Our method also can preserve the privacy of biometrics like LFW when transmitting on a public network. As shown in Table 3, the proposed model can archive results of more than 0.93. Especially for the accuracy, it reaches 0.97. The reason why our model can surpass the medical dataset in the face dataset is that the face data set has a larger sample size (more than 13000). Second, compared with medical images, face images have more features (such as eye, mouth, eyebrows, etc.) that can be extracted.

4.1. Security Analysis

The proposed schemes ensure the confidentiality of images by a secret-sharing algorithm when constructing shares. Therefore, it is impossible to access the secret from shared images. A single share or less than the threshold will not reveal any secret information. As shown in Figure 5, shares look like natural images and will not reveal secrets individually. We perform the preprocessing operation before encrypting. The preprocessing process, which does not involve the secret image, is only related to the current image. So, the process of preprocessing will not disclose any part of a secret image. In the next encryption process, we base on the existing EVCS mechanism [29], so the encryption process is also secure. With the proposed limited gray-level halftone method, we can generally transform any existing ()-EVCS for gray-level images into an expansion-free scheme. The difference is that we adopt the mechanism of block encryption to encrypt the image, while in the original EVCS, the image is encrypted pixel-by-pixel. We interpret blocks containing 2 or 3 black pixels as white pixels and blocks containing 3 or 4 black pixels as black pixels so that the encryption process can reuse the original basis matrices. Since the contrast of the reinterpreted black and white color blocks still satisfies condition (iii) in Section 3, we can still see the information from encrypted cover images as well as the recovery image according to the halftone effect of images.

5. Conclusion

Sophisticated communications schemes are required for medical data to communicate effective implementation capabilities. In this paper, we proposed an efficient and key-free data protection model based on VC for medical data transmission and template storage. To protect the privacy of sensitive biological features, we decompose the secret image into two meaningful images to safely store the feature template data. Each shared image does not display any information about the original image, and the secret image can only be displayed when two images are available at the same time. Triplet loss is used as the loss function of feature recognition, which is combined with transfer learning to enhance the recognition performance of noise image recovery from EVCS. The experimental results and comparative analysis show that our method preserves the recognition performance and accuracy while protecting the data.

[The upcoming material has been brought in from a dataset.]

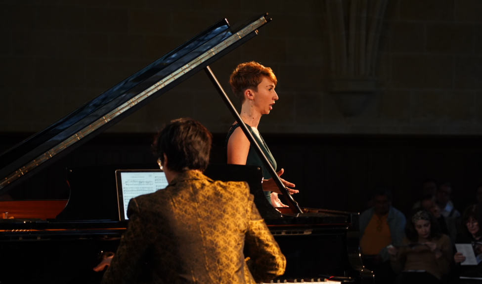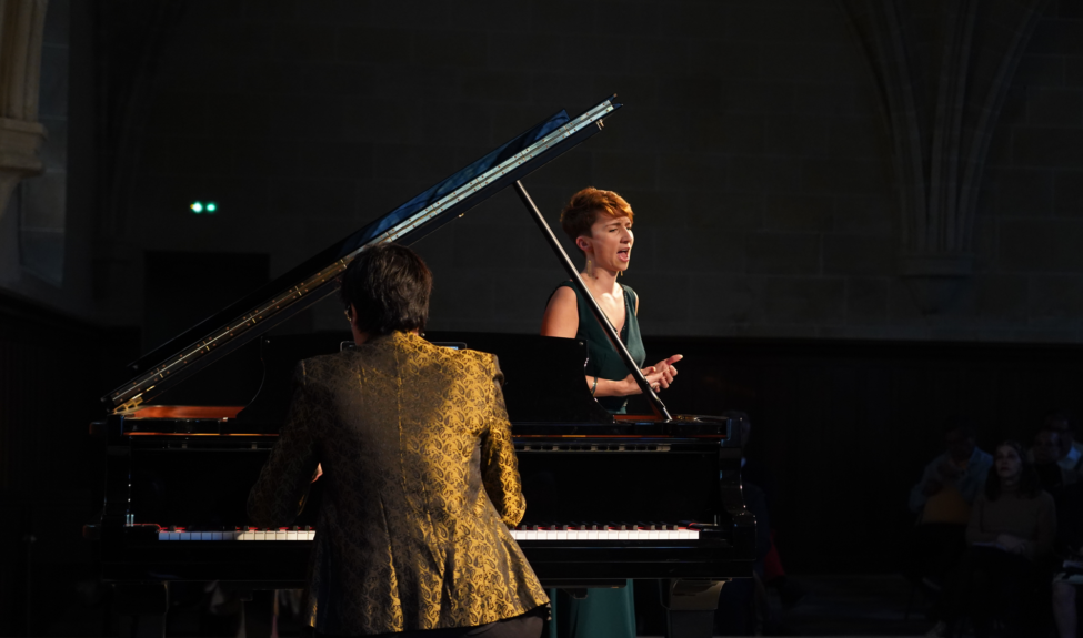 Habituellement réunies autour de la recherche de nouveaux répertoires, Brenda Poupard et Anne-Louise Bourion se passionnent depuis leur rencontre au CNSMDP pour les compositrices oubliées telles que Rita Strohl ou Henriette Puig-Roger. La mezzo-soprano et la pianiste ont décidé d’explorer à Royaumont un répertoire plus canonique, à leur façon : en s’appropriant les Lieder introspectifs et métaphysiques de Liszt, souvent chantés par des barytons, et en s’attelant à forger leur propre interprétation des célèbres Banalités de Poulenc. Une occasion rêvée d’aborder ces monuments de la mélodie et du Lied aux côtés des maîtres de l’Académie Orsay-Royaumont.

In the future work, we will combine the characteristics of OR and XOR operations to propose a novel VCS that can perfectly restore the image with low computing power dependence and eliminate the image expansion without computing power dependence, to expand the application scope of VC. Aiming at the noise interference of the restored image by VC, we will use the progress of the deep neural network in image denoising and propose a denoising neural network for VC to improve the quality of the restored image.

Data Availability

The data used to support the findings of this study are available from the corresponding author upon request.

Conflicts of Interest

The authors declare that they have no conflicts of interest.

Acknowledgments

This work was supported in part by the Guangdong Basic and Applied Basic Research Foundation of China (2022A1515011542).